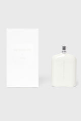 The packaging is made up of different textures and shades of white, off-white and ecru: The 100% cotton canvas of the protective bag. The glass of the perfume bottle, reminiscent of antique porcelain. The leather of the brand's identifying label. The magnetised and reinforced box
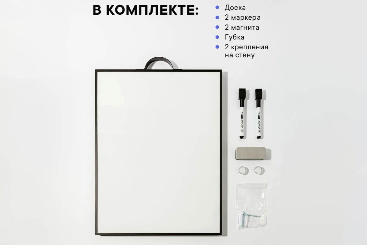 Доска может быть любой — меловой, пробковой, магнитной. Чаще выбирают магнитную: на ней можно рисовать маркером и быстро стирать написанное.
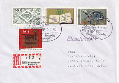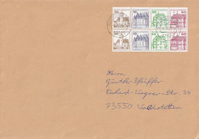 Artenmischfrankatur: Postsendung frankiert mit Frei- und Sonderpostwertzeichen |
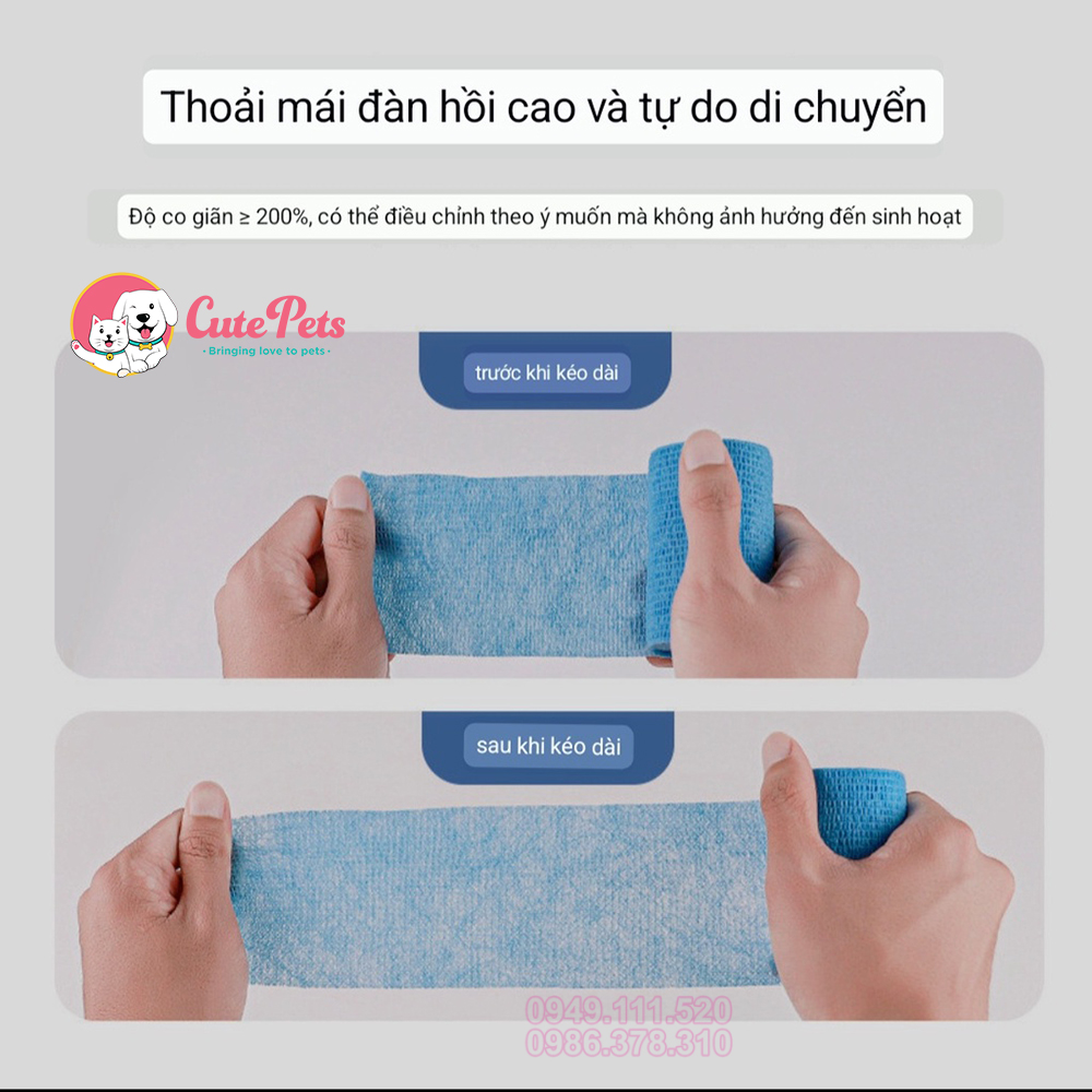 Băng có thẻ tư dính không cần kẹp hay dùng keo dán. Quấn bảo vệ vết thương cho thú cưng hoặc có thể thay cho chiếc giày, quấn các chân cho bé thoải mái chạy nhảy mà không sợ dơ.
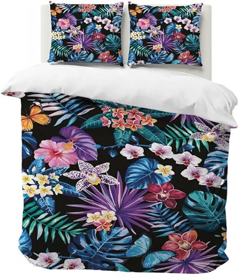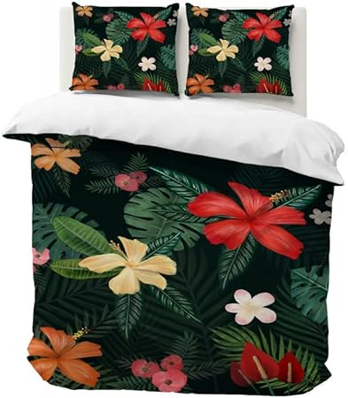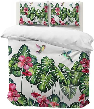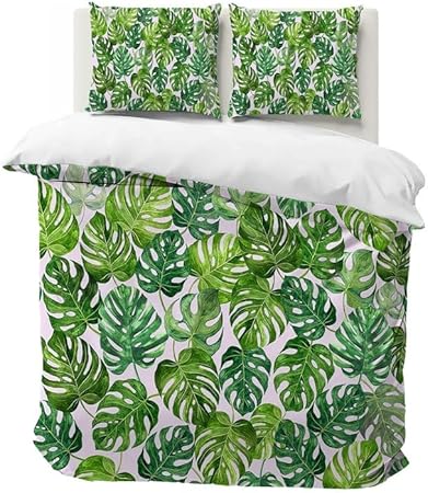 Housse de Couette 220x240 Eucalyptus Parure de Lit 2 Personnes avec Fermeture éclair, Housses de Couettes Imprimée Plantes en Microfibre avec 2 Taie d'oreiller 65x65
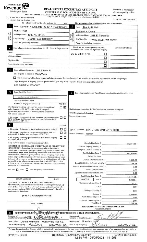 | 1 | 04/05/2021 | SWD | STATUTORY WARRANTY DEED | DAVID F YOUNG MD PC 401K | HALL BRENTLY H & RACHAEL K OWEN | | | $519,215.00 | 141256 | 2021-03909 |
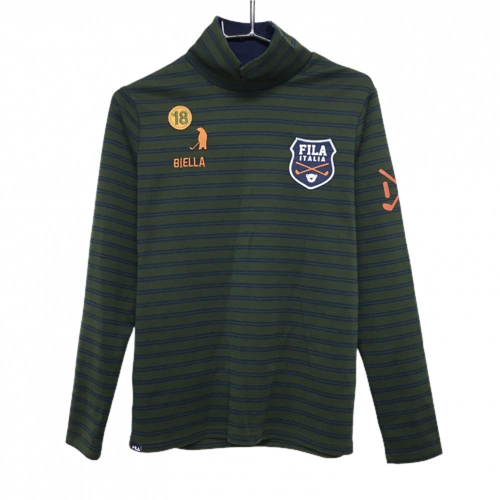 【美品】フィラゴルフ 長袖タートルネックシャツ ネイビー×グレー 細ボーダー ストレッチ レディース M ゴルフウェア FILA GOLF
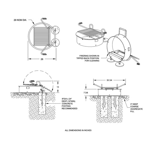 Campfire Ring with Adjustable Cooking Grate - 26"
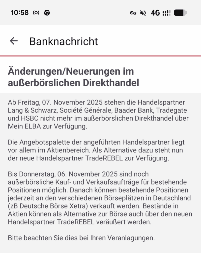 Diese Anbieter stehen ab diesem Datum nicht mehr über Mein ELBA für den außerbörslichen Handel zur Verfügung. Ihre Angebote betrafen vor allem den Aktienhandel.

◆ ◆ ◆ ◆ ◆

The answer should consist only of the lines from the one with "141256 | 2021-03909 |" through the last line of the material above, copied exactly, with no pictures.

- **Solution to this exercise**:
 | 1 | 04/05/2021 | SWD | STATUTORY WARRANTY DEED | DAVID F YOUNG MD PC 401K | HALL BRENTLY H & RACHAEL K OWEN | | | $519,215.00 | 141256 | 2021-03909 |
 【美品】フィラゴルフ 長袖タートルネックシャツ ネイビー×グレー 細ボーダー ストレッチ レディース M ゴルフウェア FILA GOLF
 Campfire Ring with Adjustable Cooking Grate - 26"
 Diese Anbieter stehen ab diesem Datum nicht mehr über Mein ELBA für den außerbörslichen Handel zur Verfügung. Ihre Angebote betrafen vor allem den Aktienhandel.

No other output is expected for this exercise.